Pan-European business association to be based in Malta
by David Kelleher
Some of Europe's leading incubator companies, including a locally-based company have joined forces to launch BIA Europe, a pan-European association bringing together high-tech entrepreneurs. The association's corporate offices will be based in Malta and it will be headed by Jan Orsted. The association is now being legally founded and a management team has been employed and will soon begin the day-to-day work.
BIA Europe (www.BIAEurope.org) was launched this week, at the Tornado-Insider.com's Upstart Europe event in Paris, where over 2,000 people working within the digital economy met to examine the challenges facing high-tech entrepreneurs, demonstrating how to position e-businesses at the cutting-edge of high-growth Europe.
Business incubators foster start-up business and entrepreneurs by providing them with expertise and funding, including infrastructure, management, operational know-how and access to the market.
Europe's leading incubators are in the final stages of forming the association to inspire and support the business incubation community in Europe.

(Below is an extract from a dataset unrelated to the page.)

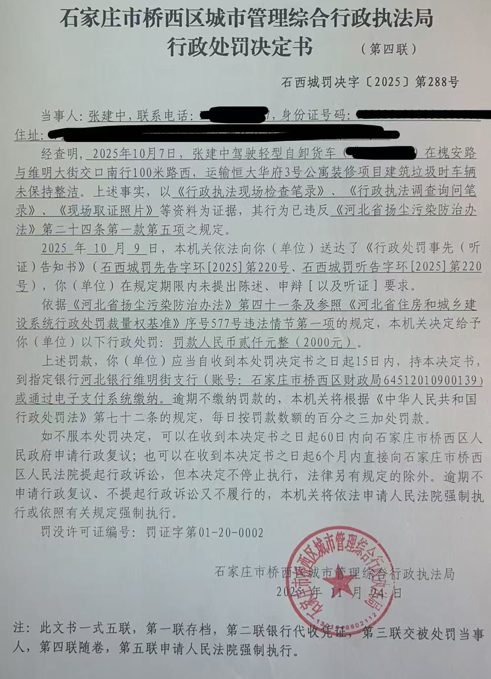 经检查发现,2025年10月7日15时00分到15时20分,我局执法人员王建良、渠剑飞发现张建中驾驶轻型自卸货车在槐安路与维明大街交口南行100米路西,运输恒大华府3号公寓装修项目建筑垃圾时车辆未保持整洁。经初步调查,当事人张建中的行为违反了《河北省扬尘污染防治办法》第二十四条第一款第五项之规定。 | ||

The founding fathers include locally-based iWORLD Group, Cell Ventures/New Media Spark, CIR Lab, Gorilla Park, MSC and StartUp Factory. A number of other incubators have expressed interest in joining the association. BIA Europe aims to establish and develop business incubation as the key platform for new entrepreneurship in Europe.
The objectives are to create general awareness of the concept of business incubation, to ensure high standards of praxis within the incubator community, and to accumulate and make knowledge available to the community and to the public in general.
Incubation is a new business model that has already proven to be successful in the US where it has created hundreds of viable start-up companies and thousands of jobs within the new economy.
Naturally Europe is different, in culture, in business, in education and in any other respect. A Silicon valley or a Seattle high-tech industrial community where entrepreneurialism flourish does not, as yet, exist, nor do European universities nourish start-up business as much as their American counterparts do.
Many incubatees are already learning to operate under Europe's first generation of incubators. US studies reveal that 87 per cent of all incubated companies are operating successfully after the first three years compared to a general survival rate of around 20 per cent. There is a huge potential for the European economy, and the BIA Europe has been set up to meet the challenges of developing and supporting entrepreneurial initiatives.